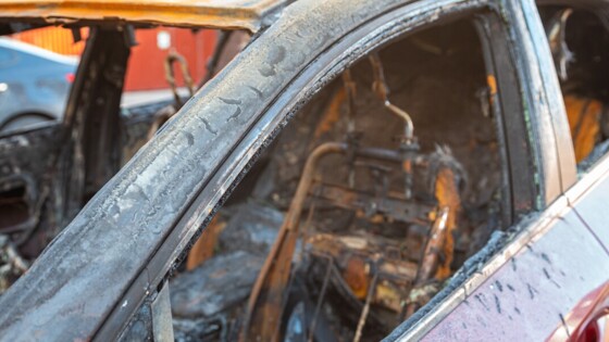 На кадрах с уличной камеры видно, как двое неизвестных обливают чем-то машины, а после этого вспыхивает пламя. Причем, огонь быстро охватил транспортные средства, и к приезду спасателей от машин мало что осталось.
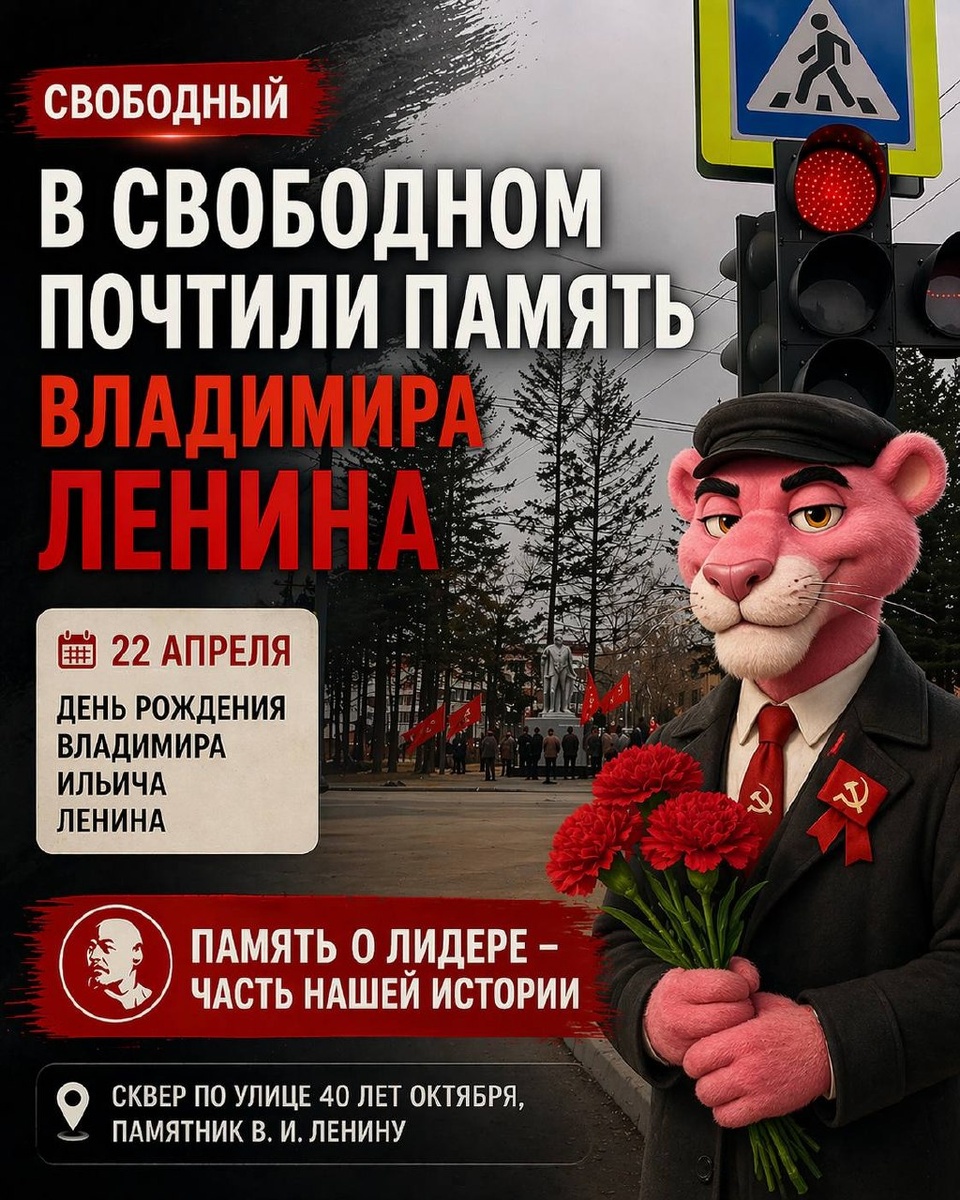 Сегодня, 22 апреля, в Свободном прошла памятная акция, приуроченная ко дню рождения Владимира Ильича Ленина. В сквере по улице 40 лет Октября, возле памятника, собрались представители коммунистической партии и жители города. Участники мероприятия почтили память исторической личности, возложили цветы и выразили уважение к его роли в истории страны. Подобные встречи традиционно проходят в этот день и собирают людей, для которых важно сохранить историческую память и преемственность поколений. ПОДПИСЫВАЙТЕСЬ НА НАС В ПРОЧИХ СОЦИАЛЬНЫХ СЕТЯХ ЧТОБЫ НЕ ПОТЕРЯТЬСЯ 📱 МАХ 📱 ВК 📱 Telegram 📱 Оk
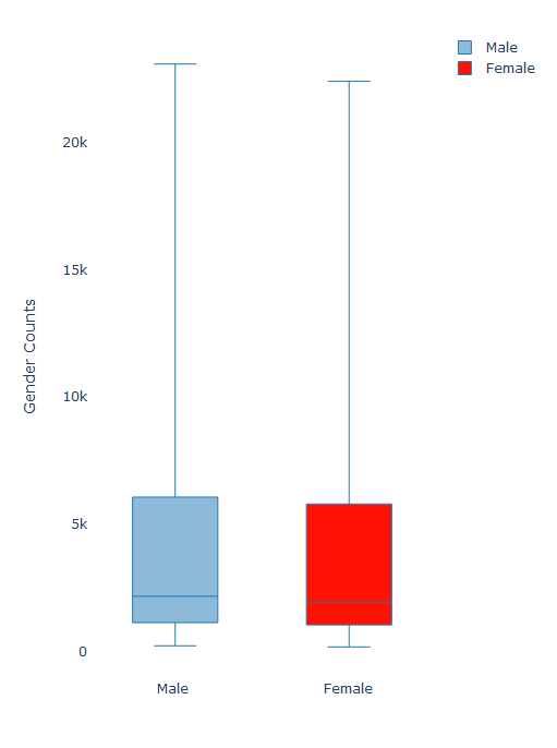 From Figures 3, 4 and 5 above, we observed that the distribution of male to female in our study area remains somewhat equal with both showing the same gender distribution. One notable difference between figure 3 and 4 is that in Cities like Samarinda and Balikpapan, there is a higher concentration of males and females which further substantiates our earlier discussion that population density is higher in city subdistricts.
####
Repeat, exactly and in full, all the material above except its pictures.

**Solution to this problem:**
 На кадрах с уличной камеры видно, как двое неизвестных обливают чем-то машины, а после этого вспыхивает пламя. Причем, огонь быстро охватил транспортные средства, и к приезду спасателей от машин мало что осталось.
 Сегодня, 22 апреля, в Свободном прошла памятная акция, приуроченная ко дню рождения Владимира Ильича Ленина. В сквере по улице 40 лет Октября, возле памятника, собрались представители коммунистической партии и жители города. Участники мероприятия почтили память исторической личности, возложили цветы и выразили уважение к его роли в истории страны. Подобные встречи традиционно проходят в этот день и собирают людей, для которых важно сохранить историческую память и преемственность поколений. ПОДПИСЫВАЙТЕСЬ НА НАС В ПРОЧИХ СОЦИАЛЬНЫХ СЕТЯХ ЧТОБЫ НЕ ПОТЕРЯТЬСЯ 📱 МАХ 📱 ВК 📱 Telegram 📱 Оk
 From Figures 3, 4 and 5 above, we observed that the distribution of male to female in our study area remains somewhat equal with both showing the same gender distribution. One notable difference between figure 3 and 4 is that in Cities like Samarinda and Balikpapan, there is a higher concentration of males and females which further substantiates our earlier discussion that population density is higher in city subdistricts.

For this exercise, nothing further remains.